Upon consideration, Harlequin has the resources and capabilities it needs in order to succeed with Mira. Although the company currently has a different business model, it has the same basic components and critical resources necessary to create and manufacture the product. The author/editor base that Harlequin has at its disposal represents a considerable asset, and somewhat mitigates the risk of talent selection and development that can be associated with single-title novels.
Historic market positioning and the reputation of Harlequin as a romance series publisher may overshadow attempts to create the Mira brand; but Harlequin has reached the point where it must expand beyond the romance genre. The direct-to-reader sales, marketing and distribution mechanisms would require few adjustments or adaptations, and would provide Harlequin with an ideal test market from which to make the leap into the mainstream.

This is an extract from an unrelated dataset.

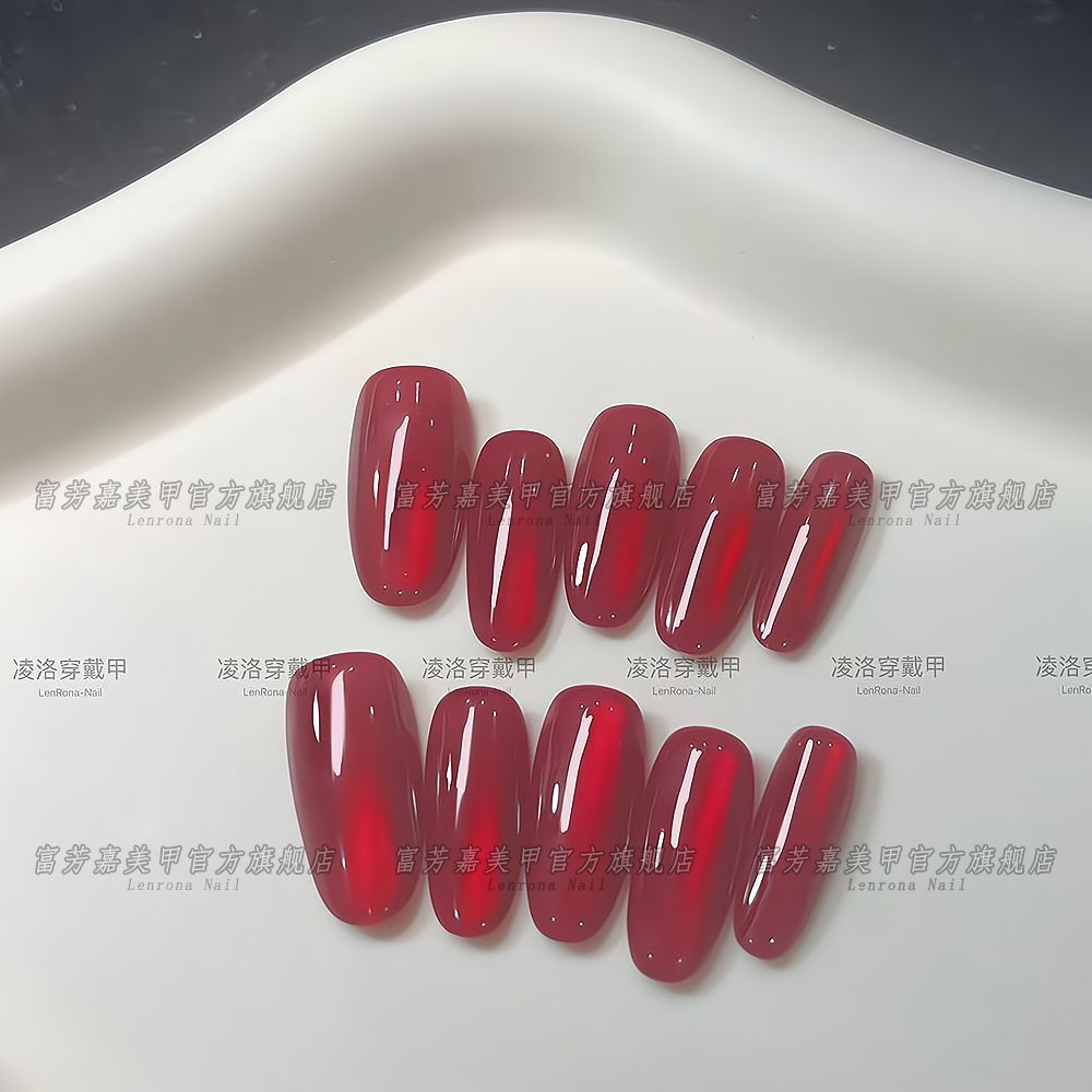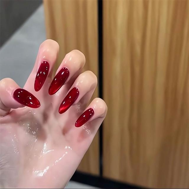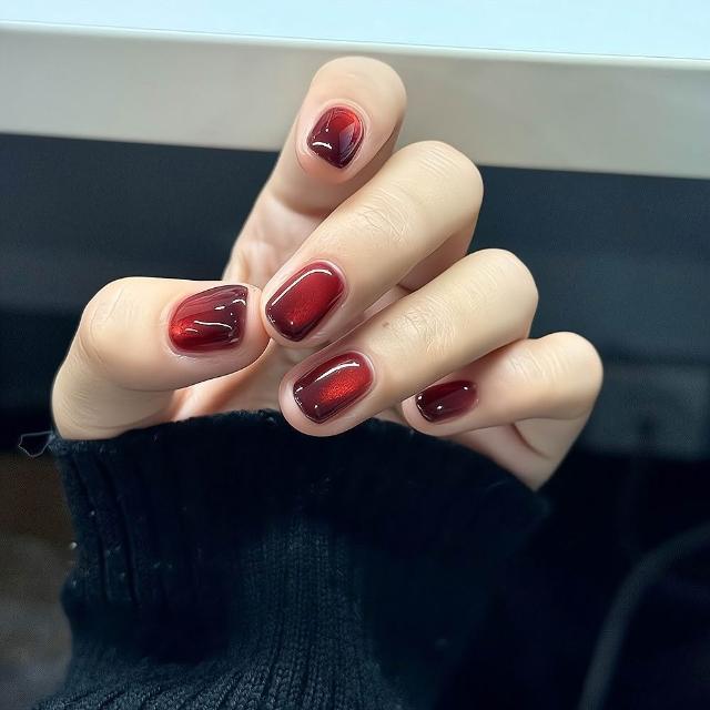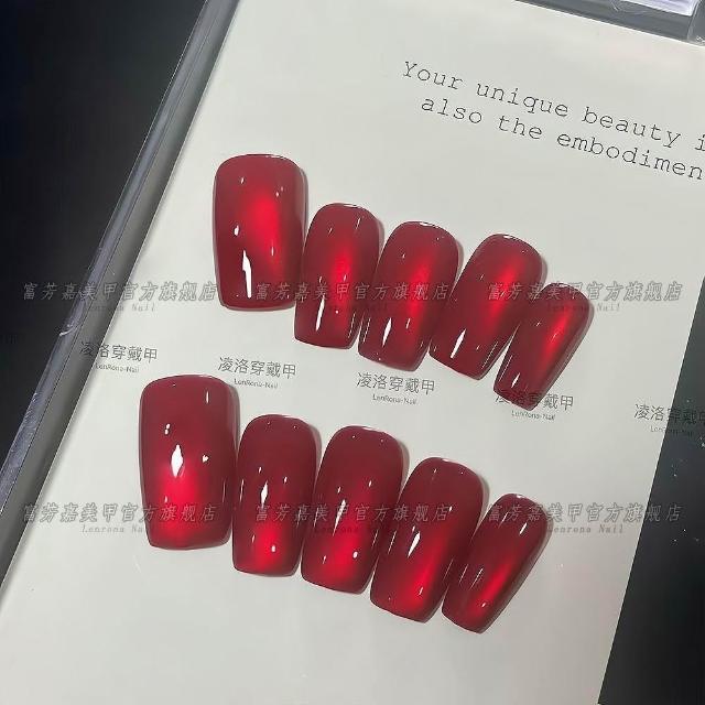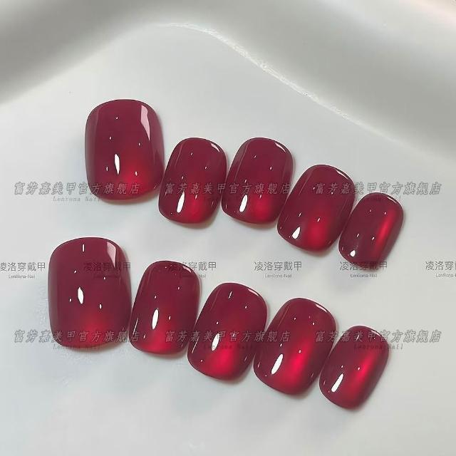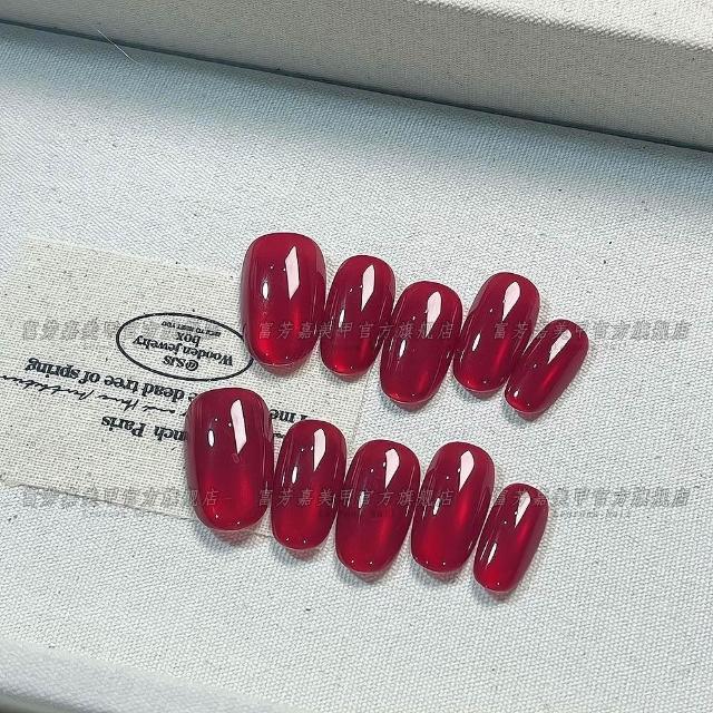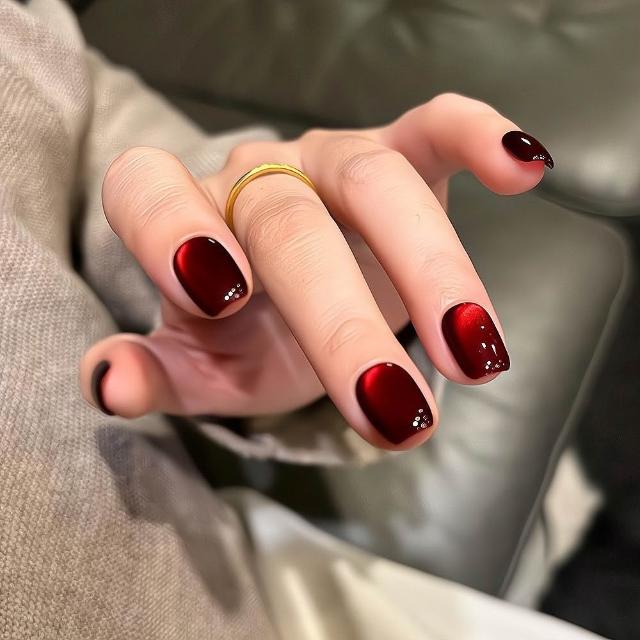 紅色玻璃珠高級感明媚顯白酒紅新年限定美甲穿戴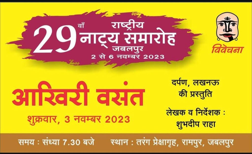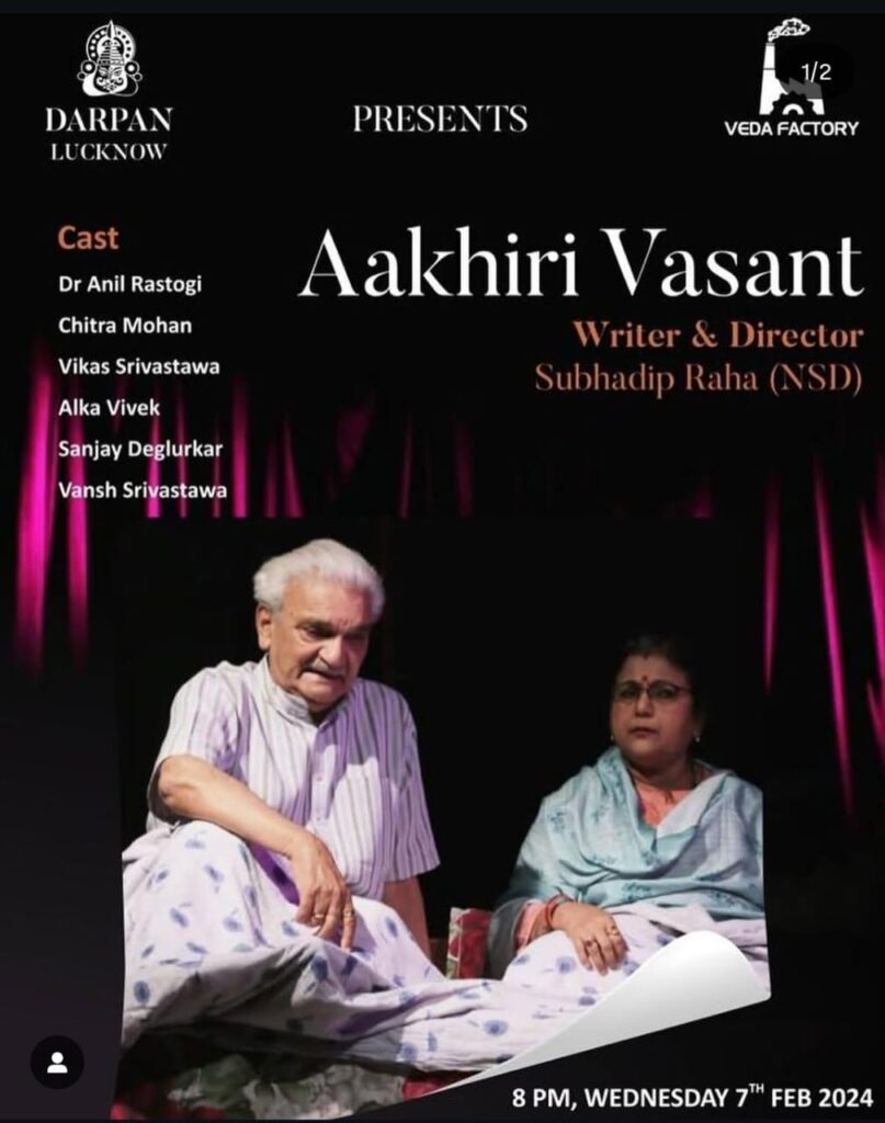 - Plays like Aakhiri Vasant, Swaha, Harishchannar Ki Ladai ( all staged in Bharat Rang Mahotsav of NSD), Panchi Jaa Panchi Aa ( more than 400 shows), Daddy , A View From The Bridge, Inspector General, Yehoodi Ki Ladki, Fando and Lis, Bare Foot in Athens, Andha Yug, Kanyadaan etc staged in different parts of the country.

Existing production and distribution expertise would sustain development of Mira, while Harlequin spends time putting mainstream distribution mechanisms and publicity expertise into place. It is conceivable that successful single-title authors who published their early works with Harlequin could be convinced to return to Harlequin, depending on the financial incentives; but, this is a long-term question, governed by authors’ contractual obligations and the success of Mira in the short-term.
However, the back-list of novels created by successful authors who published their early works with Harlequin comprises an easily marketable, cost-effective and potentially profitable resource, that would enable Mira to capitalize on established reputations and in-direct publicity. The downside is that Mira may risk alienating or offending fans of established authors, by publishing works that did not meet reader expectations because of their quality or adherence to Harlequin conventions.